(Stored items from a collection)
Content starts

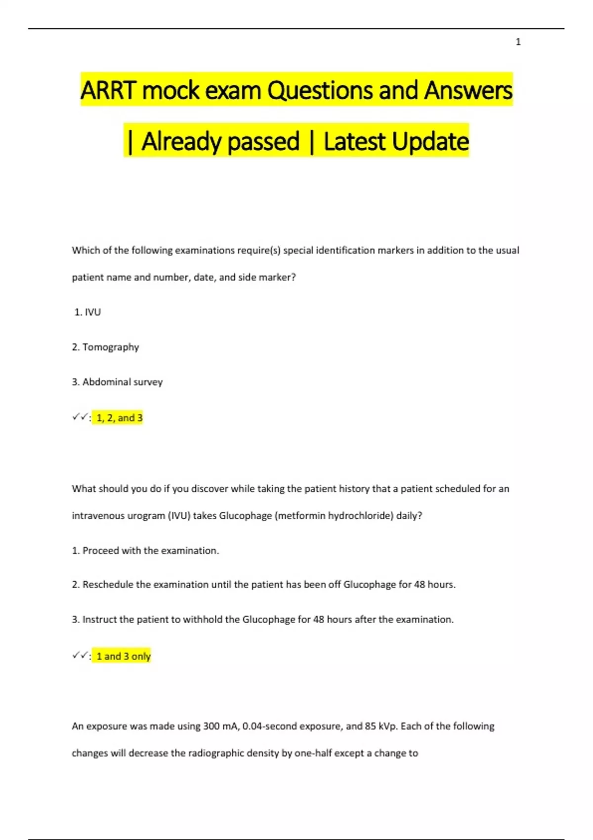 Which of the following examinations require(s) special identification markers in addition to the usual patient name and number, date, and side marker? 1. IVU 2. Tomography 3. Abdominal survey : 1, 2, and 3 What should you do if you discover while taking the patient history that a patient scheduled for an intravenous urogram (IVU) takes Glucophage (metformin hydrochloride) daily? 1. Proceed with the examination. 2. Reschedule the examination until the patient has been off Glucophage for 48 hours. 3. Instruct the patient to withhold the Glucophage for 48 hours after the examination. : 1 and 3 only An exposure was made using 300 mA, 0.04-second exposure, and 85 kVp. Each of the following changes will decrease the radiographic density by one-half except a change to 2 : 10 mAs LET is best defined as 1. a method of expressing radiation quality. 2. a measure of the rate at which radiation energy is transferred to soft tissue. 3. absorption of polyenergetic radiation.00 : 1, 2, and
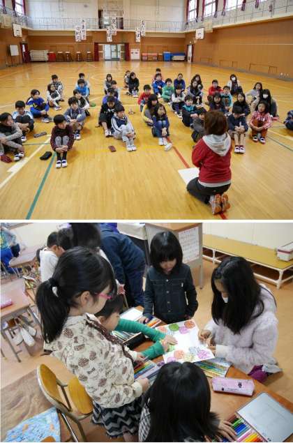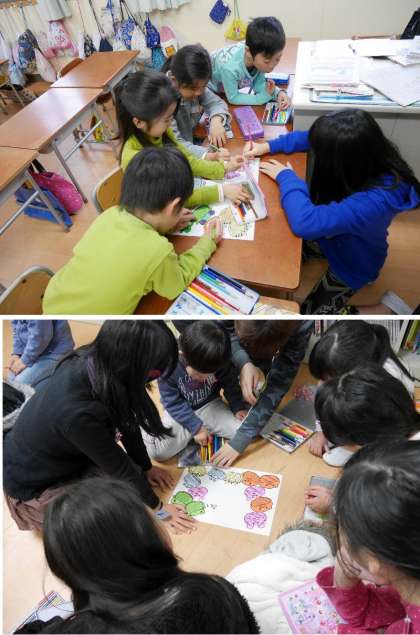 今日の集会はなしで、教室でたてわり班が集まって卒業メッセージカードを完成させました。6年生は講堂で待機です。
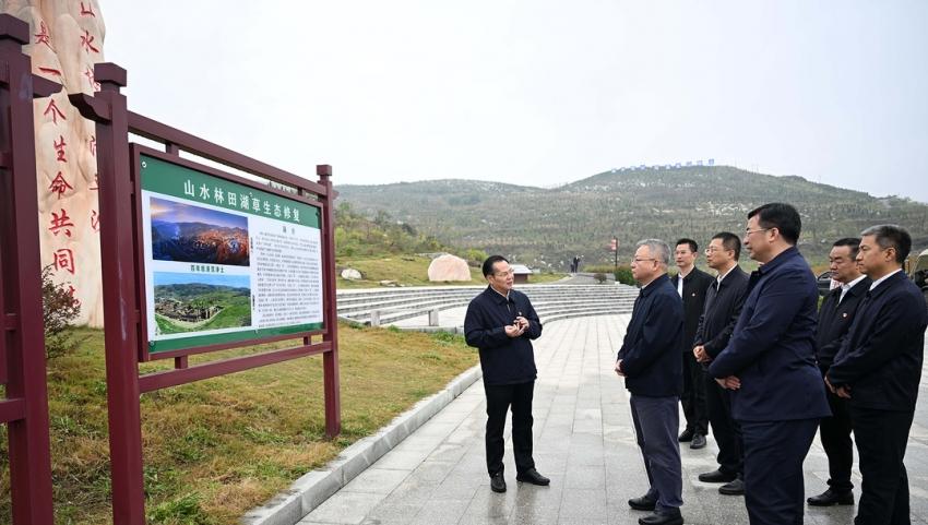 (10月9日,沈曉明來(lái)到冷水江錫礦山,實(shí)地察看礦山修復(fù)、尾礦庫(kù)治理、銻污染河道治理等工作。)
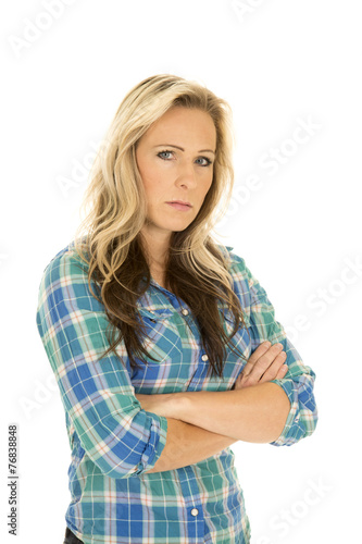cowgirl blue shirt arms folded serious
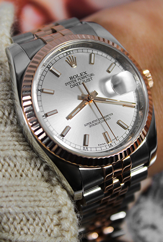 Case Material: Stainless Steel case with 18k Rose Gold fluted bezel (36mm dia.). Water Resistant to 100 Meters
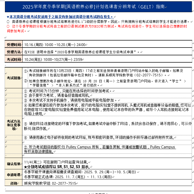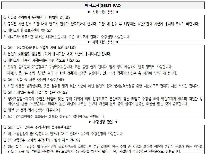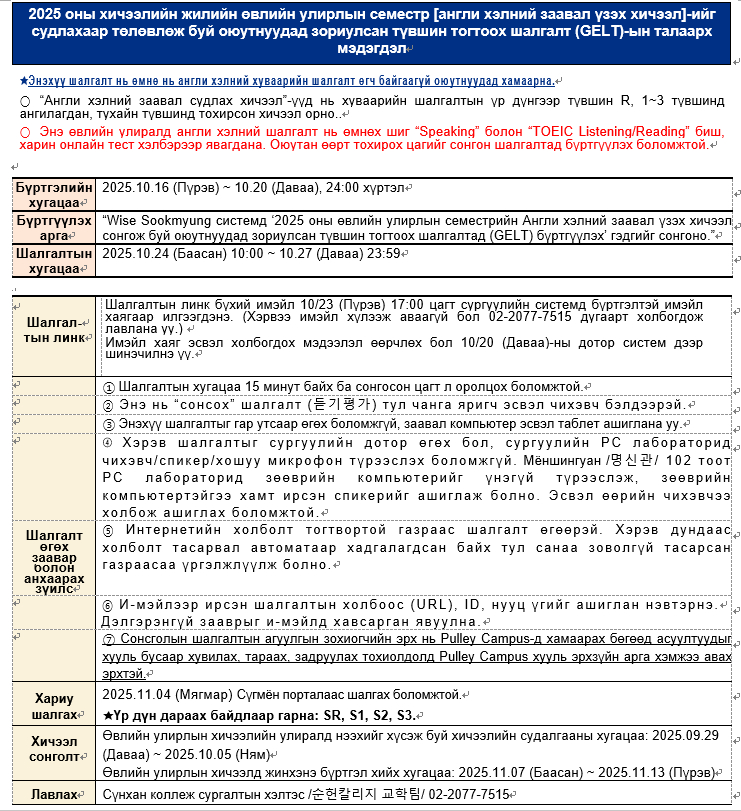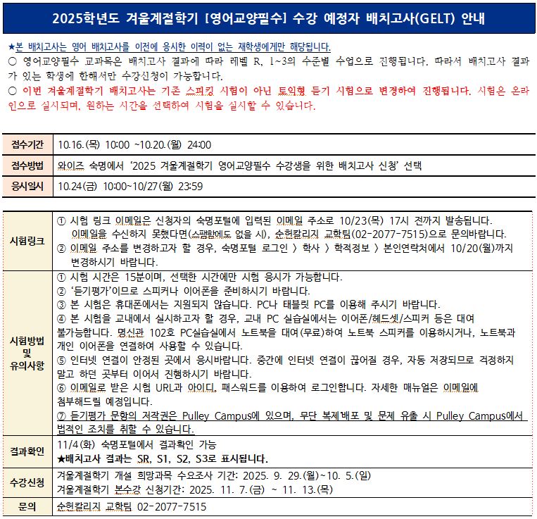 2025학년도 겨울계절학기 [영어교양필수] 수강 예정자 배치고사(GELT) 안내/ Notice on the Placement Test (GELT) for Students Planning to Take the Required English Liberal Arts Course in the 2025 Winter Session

Content ends
Content starts

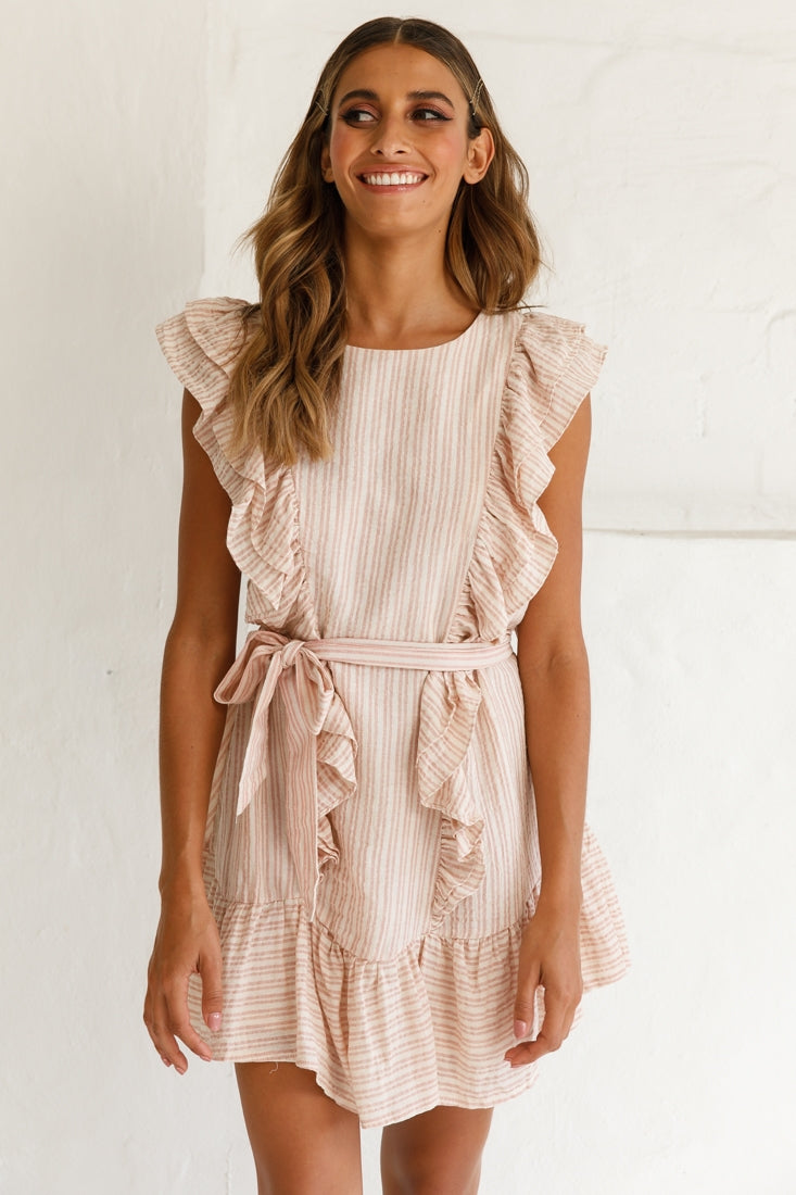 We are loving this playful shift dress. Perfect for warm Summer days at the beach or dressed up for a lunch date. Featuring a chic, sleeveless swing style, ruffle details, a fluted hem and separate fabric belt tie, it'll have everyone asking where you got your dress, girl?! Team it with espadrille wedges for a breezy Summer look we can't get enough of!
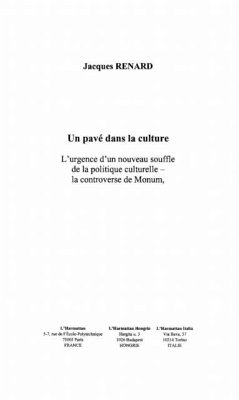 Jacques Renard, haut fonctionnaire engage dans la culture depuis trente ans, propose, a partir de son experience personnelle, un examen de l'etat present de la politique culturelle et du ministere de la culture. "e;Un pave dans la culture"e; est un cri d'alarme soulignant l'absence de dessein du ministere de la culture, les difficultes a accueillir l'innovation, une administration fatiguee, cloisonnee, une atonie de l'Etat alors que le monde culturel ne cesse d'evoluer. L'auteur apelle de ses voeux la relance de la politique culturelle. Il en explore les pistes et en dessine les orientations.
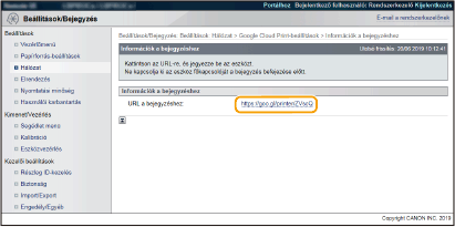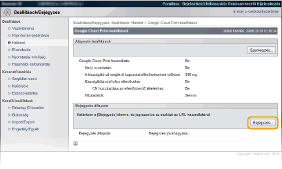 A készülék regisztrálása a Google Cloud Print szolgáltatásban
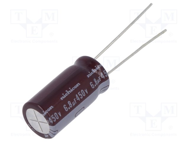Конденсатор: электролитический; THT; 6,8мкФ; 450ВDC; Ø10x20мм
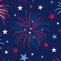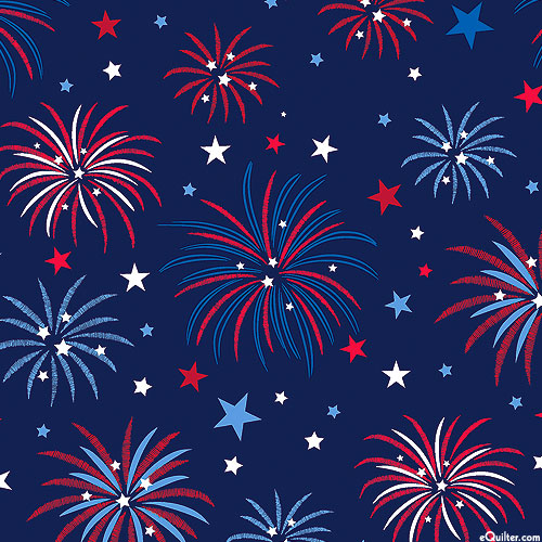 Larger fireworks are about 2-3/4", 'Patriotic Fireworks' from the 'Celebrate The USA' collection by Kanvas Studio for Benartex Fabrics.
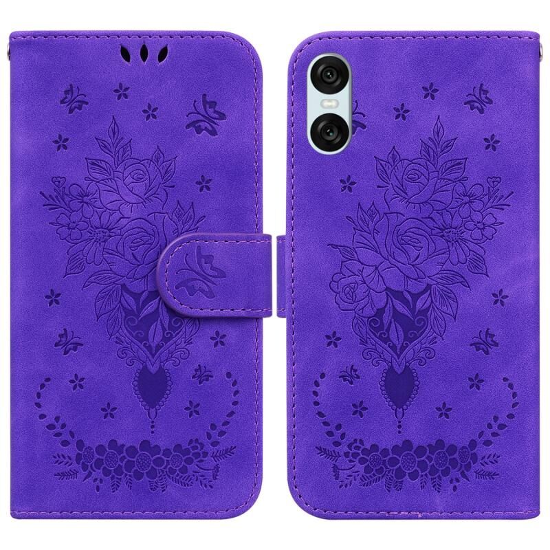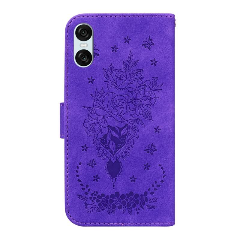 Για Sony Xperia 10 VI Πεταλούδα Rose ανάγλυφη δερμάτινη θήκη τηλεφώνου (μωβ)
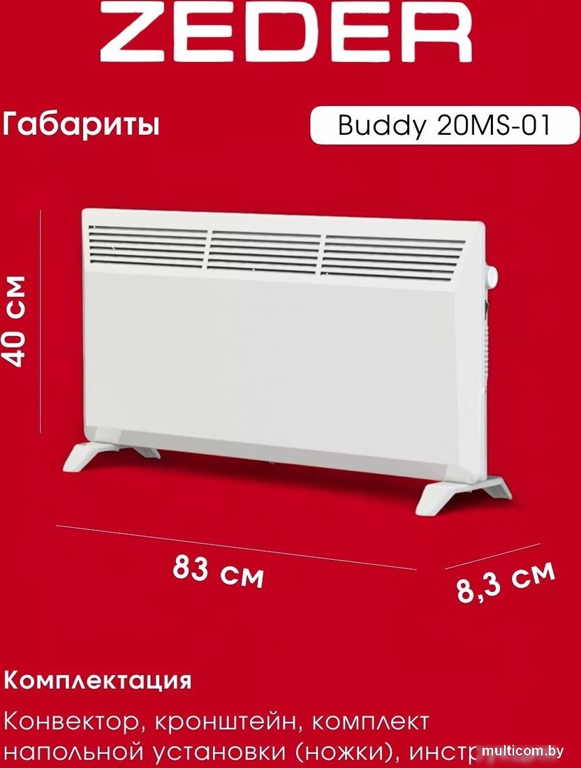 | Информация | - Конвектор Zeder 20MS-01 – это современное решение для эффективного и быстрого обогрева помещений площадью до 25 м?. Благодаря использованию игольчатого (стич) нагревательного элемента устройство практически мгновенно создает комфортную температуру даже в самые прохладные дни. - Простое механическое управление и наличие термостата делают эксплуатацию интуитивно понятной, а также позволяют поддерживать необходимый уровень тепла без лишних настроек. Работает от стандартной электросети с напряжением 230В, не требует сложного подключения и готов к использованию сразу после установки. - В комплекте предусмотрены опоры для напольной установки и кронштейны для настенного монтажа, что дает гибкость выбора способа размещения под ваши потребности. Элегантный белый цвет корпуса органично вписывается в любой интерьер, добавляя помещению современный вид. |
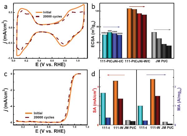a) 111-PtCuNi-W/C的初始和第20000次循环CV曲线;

Content ends

■ **Work to be completed**:
Although the records above contain pictures, the copy should not; retype exactly the lines from the one containing "Конденсатор: электролитический; THT;" through the one containing "a) 111-PtCuNi-W/C的初始和第20000次循环CV曲线;".

■ **Written answer**:
Конденсатор: электролитический; THT; 6,8мкФ; 450ВDC; Ø10x20мм
 Larger fireworks are about 2-3/4", 'Patriotic Fireworks' from the 'Celebrate The USA' collection by Kanvas Studio for Benartex Fabrics.
 Για Sony Xperia 10 VI Πεταλούδα Rose ανάγλυφη δερμάτινη θήκη τηλεφώνου (μωβ)
 | Информация | - Конвектор Zeder 20MS-01 – это современное решение для эффективного и быстрого обогрева помещений площадью до 25 м?. Благодаря использованию игольчатого (стич) нагревательного элемента устройство практически мгновенно создает комфортную температуру даже в самые прохладные дни. - Простое механическое управление и наличие термостата делают эксплуатацию интуитивно понятной, а также позволяют поддерживать необходимый уровень тепла без лишних настроек. Работает от стандартной электросети с напряжением 230В, не требует сложного подключения и готов к использованию сразу после установки. - В комплекте предусмотрены опоры для напольной установки и кронштейны для настенного монтажа, что дает гибкость выбора способа размещения под ваши потребности. Элегантный белый цвет корпуса органично вписывается в любой интерьер, добавляя помещению современный вид. |
a) 111-PtCuNi-W/C的初始和第20000次循环CV曲线;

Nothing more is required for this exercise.